Table 2.1 includes the 8 GPT-3 models built and their sizes/hyperparameters.
Fig. 2.2 shows the total compute used during training. Based on the analysis in Scaling Laws For Neural Language Models we train much larger models on many fewer tokens than is typical.
Fig 3.1 shows the pattern of smooth scaling of performance with compute. Performance (cross-entropy loss) follows a power-law trend with the amount of compute used for training.

Background (Fig 2.1):

Fine-Tuning (FT) has been the most common approach in recent years, and involves updating the weights of a pre-trained model by training on a supervised dataset specific to the desired task.
Few-Shot (FS) is the term we will use in this work to refer to the setting where the model is given a few demonstrations of the task at inference time as conditioning [RWC+19], but no weight updates are allowed.
One-Shot (1S) is the same as few-shot except that only one demonstration is allowed, in addition to a natural language description of the task
Zero-Shot (0S) is the same as one-shot except that no demonstrations are allowed, and the model is only given a natural language instruction describing the task.
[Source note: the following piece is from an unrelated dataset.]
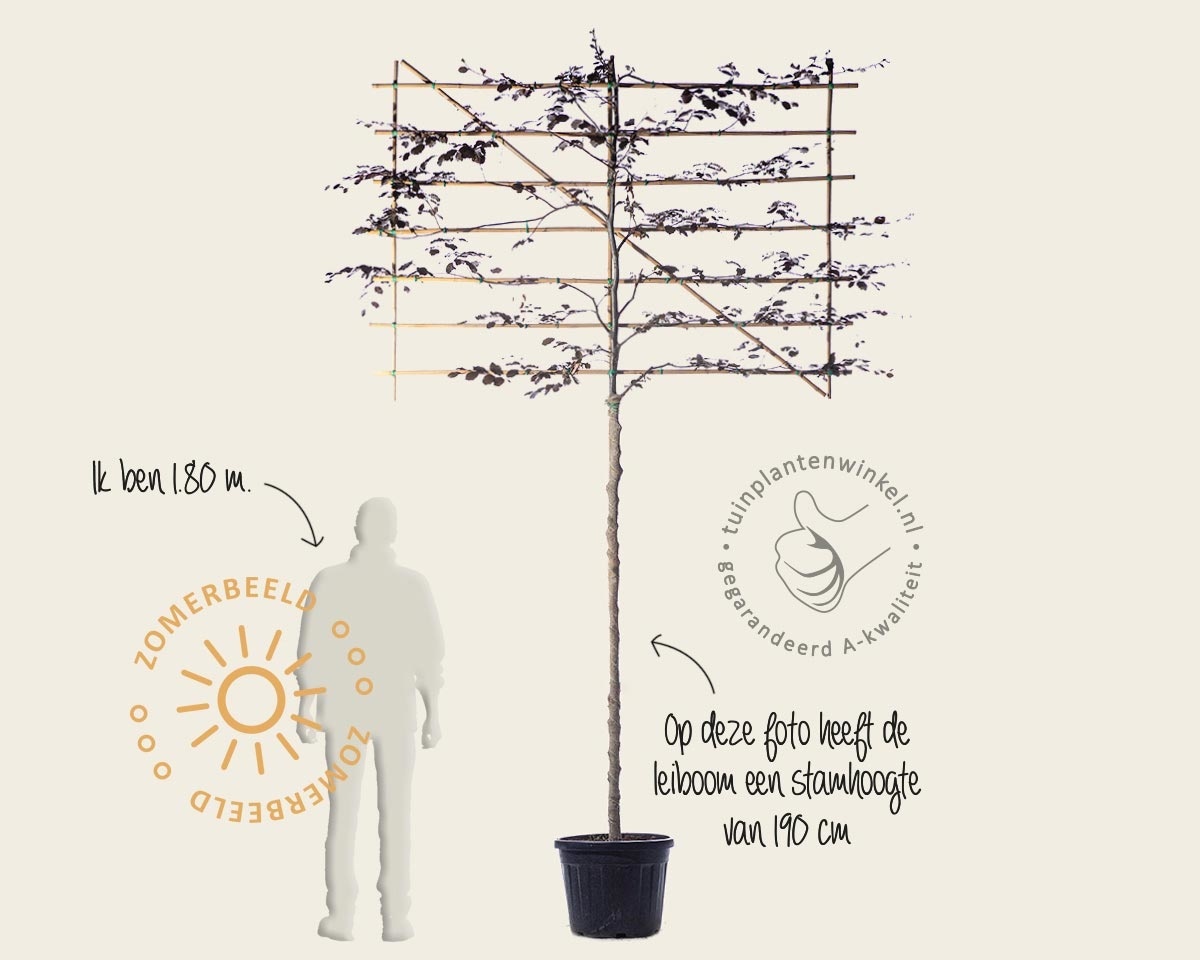 De Rode of Bruine Lei-Beuk heeft mooi diep bruinrood blad. Dit geeft mooie contrasten in de tuin. De Lei-Fagus sylvatica 'Atropurpurea' is een goed winterharde leiboom met een schitterende herfstverkleuring. Een groot voordeel is dat Beuken in de winter hun blad vasthouden, zij het in verdroogde vorm. Het geeft zodoende een lange periode van maximale privacy in uw tuin. Ze stoten het oude verdorde blad pas af in het vroege voorjaar als de nieuwe knoppen gaan uitlopen. De stam van de Lei-Beuken wordt in jute gedraaid om de bast te beschermen tegen zonnebrand. Laat de jute dus zitten. De Lei-Beuk blijft op een windluwe plek zijn dorre blad behouden tijdens de winter. De Lei-Haagbeuk verliest zijn bladeren op een enkel exemplaar na. In de meeste gevallen is echter ook de Lei-Beuk of Lei-Rode Beuk gewoon bladverliezend.

Tasks tested and performance:

On NLP tasks it achieves promising results in the zero-shot and one-shot settings, and in the the few-shot setting is sometimes competitive with or even occasionally surpasses state-of-the-art.
It also displays one-shot and few-shot proficiency at tasks designed to test rapid adaption or on-the-fly reasoning, which include unscrambling words, performing arithmetic, and using novel words in a sentence after seeing them defined only once.
Fig 3.3 to 3.12 show that GPT3’s performance grows with model size, suggesting that language models continue to absorb knowledge as their capacity increases. Results plotted for the the TriviaQA, translation, Winograd Schema Challenge, PIQA, comprehension, SuperGLUE, ANLI Round 3, arithmetic, word scrambling, and SAT tasks; on zero-, one- and few-shot training, respectively.
Fig 3.12 shows that people’s ability to identify whether news articles are model-generated (measured by the ratio of correct assignments to non-neutral assignments) decreases as model size increases. or QuAC.
Fig 4.2 plots the benchmark contamination analysis. Data contamination has a minimal effect on GPT-3’s performance on most datasets, but the authors identify a few datasets where it could be inflating results:
Chaper 5 details the limitations. GPT-3 struggles with natural language inference tasks like the ANLI dataset, and some reading comprehension datasets like RACE

2020 Graph Transformers Networks, Korea University

One limitation of most GNNs is that they assume the graph structure to be fixed and homogeneous, ie similar types of nodes and edges. From the abstract: “Graph Transformer Networks (GTNs) are capable of generating new graph structures, which involve identifying useful connections between unconnected nodes on the original graph, while learning effective node representation on the new graphs in an end-to-end fashion. Graph Transformer layer, a core layer of GTNs, learns a soft selection of edge types and composite relations for generating useful multi-hop connections”.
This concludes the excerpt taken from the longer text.